# Happy birthday Dai



## Deleted090308 (Jan 25, 2007)

Have a great day!









(I believe it's Tuesday in Australia now)


----------



## HawMan (May 12, 2006)

Have a suberb day Dai.


----------



## kodi (Jun 30, 2004)

Happy Birthday dai!!!!!!!!!!


----------



## Glaswegian (Sep 16, 2005)

Happy Birthday dai - hope you have a great day! Throw one on the barbie for me!


----------



## dai (Jul 2, 2004)

thanks it's the one i have been waiting for


----------



## Glaswegian (Sep 16, 2005)

dai said:


> thanks it's the one i have been waiting for


For how long? :grin:


----------



## carsey (Aug 19, 2006)

Happy Birthday


----------



## Jack.Sparrow (Jan 22, 2007)

:birthday:


----------



## koala (Mar 27, 2005)

Happy birthday, dai.

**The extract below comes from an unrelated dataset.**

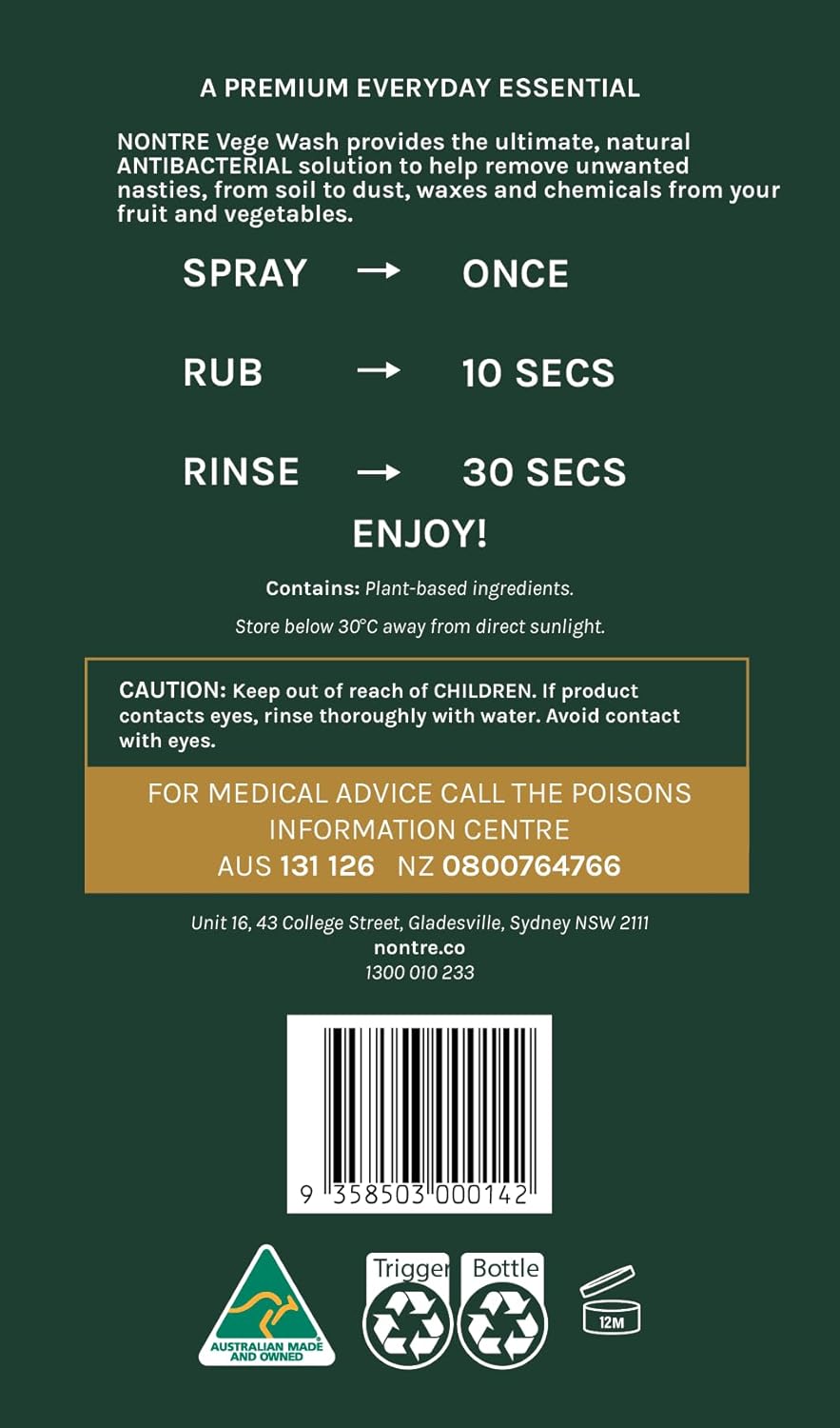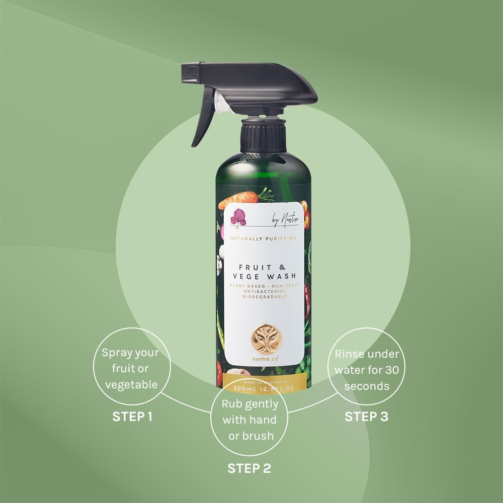 Nontre, Fruit and Vegetable Wash, Cleaning Solution to Remove Dirt & Wax, Fresh Produce Wash, 500mL (16.9 FL Oz)
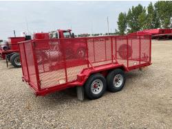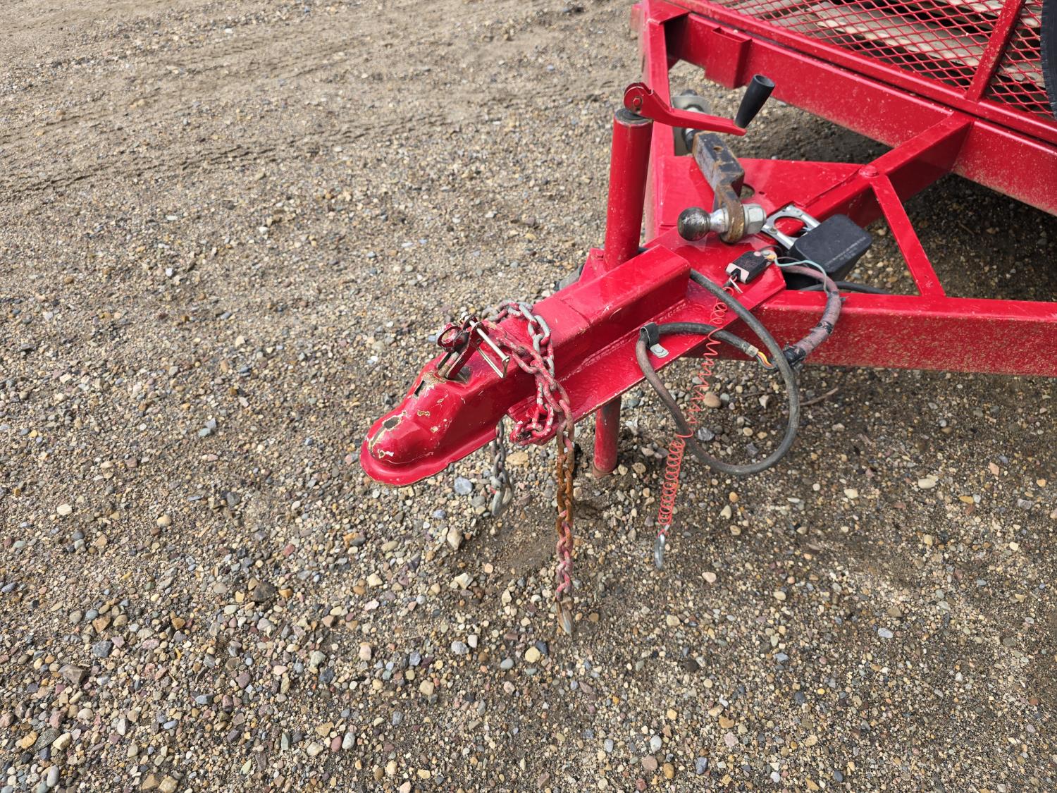 78 inch wide deck, wood deck, electric brakes, torsion spring suspension, 2-5/8 inch ball hitch, rub rails, stake pockets, 48 inch tall removable metal cage sides, LT235/85R16 tires

Hope you enjoy your retirement..... not that you'll ever slow down, I'm sure :smile:


----------



## Tumbleweed36 (May 14, 2005)

Happy Birthday!


----------



## JohnthePilot (Mar 30, 2006)

*Happy Birthday Dai*:birthday::4-cheers:
*Have a great day*


----------



## sinclair_tm (Mar 11, 2005)

Happy day to ya!


----------



## chauffeur2 (Feb 7, 2006)

:birthday: *Congratulations dai!!

Enjoy it and your Retirement! :4-clap::biggringiartytime

Sincere Regards,*


----------



## ashumann12 (Mar 18, 2007)

DAI!


----------



## Go The Power (Mar 5, 2007)

Happy birthday dai, best wishes and i hope you had a great day


----------



## Ried (Jan 11, 2005)

Happy Birthday, dai. :wave:


----------



## dai (Jul 2, 2004)

Glaswegian said:


> For how long? :grin:


since i started work 54 yrs ago


----------



## Indoril Nerevar (Jan 7, 2006)

Happy birthday dai!


----------



## sandman55 (May 28, 2005)

Happy Birthday Dai


----------



## jcgriff2 (Sep 30, 2007)

Happy Birthday, dai - 

You have me beaten by 1 day and ... well.... a few years, lets just say!


----------



## Zazula (Apr 27, 2006)

Happy birthday, dai! :birthday:


----------



## nickster_uk (Feb 7, 2005)

Happy birthday Dai :smile:


----------